More information to come. In case of emergency, call 9-1-1.
Water Safety Tips
When cooling off in pools and other bodies of water, be water-wise. Drowning is fast and silent. No one is drown-proof, but drowning is preventable. Prevent drowning-related incidents and learn water safety tips.
- Provide active and constant supervision of children in the water and be a water watcher. Put away phones and other distractions around water. Focus on swimming safety. When in any type of water, toddlers and infants should be no more than arm’s length away from their parent or caregiver at all times.
- Teach children to swim and learn to swim yourself. Five essential water safety skills include being able to:
- Step or jump into water over one’s head and return to the surface.
- Tread water for one minute.
- Turn around in a full circle and find an exit from the pool.

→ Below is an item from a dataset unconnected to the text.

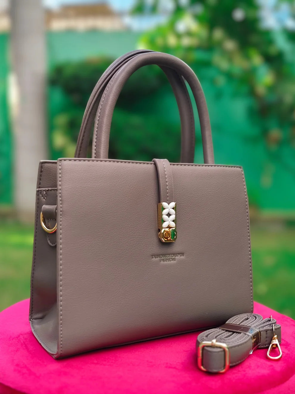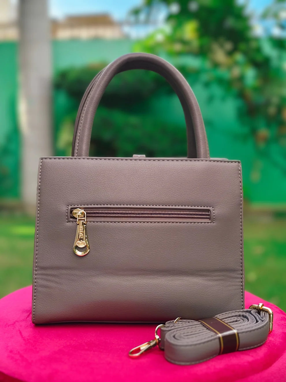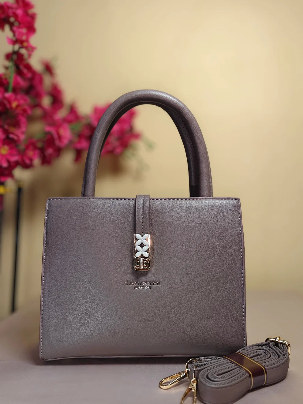 - Imported design with clean lines, a subtle matte finish, and a refined metal clasp accent.

- Swim 25 yards to exit the water.
- Be able to exit the water. If in a pool, exit without using the ladder.
- Children should always wear a U.S. Coast Guard-approved life jacket when on a boat, around open bodies of water and around docks. The life jacket should fit snugly and should not be able to be lifted above the ears.
- Learn CPR and basic water rescue skills so you are prepared in case of an emergency.
- Teach children to ask permission to go near water. Teach children to stay away from pool and spa drains.
- Practice pool safety. Use physical barriers to prevent children from accessing any source of water. Set alarms on pools and doors/windows leading to pools.
- Make sure children stay away from water hazards in your community such as garden ponds, creeks and streams, wells and cisterns, and other bodies of water.
- Teach kids that swimming in open water is different than swimming in a pool. Limited visibility, sudden drop-offs, uneven surfaces, currents and undertow can be dangerous.
- Do not use foam or air-filled toys, (e.g. floaties, water wings, inner tubes, noodles), in place of a U.S. Coast Guard approved life jacket.
- Empty tubs, buckets and kiddie pools immediately after use. This also helps minimize mosquitoes.
- Watch for signs of water injury even when the swimming is over.
- Never leave a young child unattended in a bathtub. Do not trust a child's life to another child or to aids that help a child sit upright in a tub.
- Use safety locks on toilets and keep bathroom doors closed and toilet-bowl covers down when small children are in the home.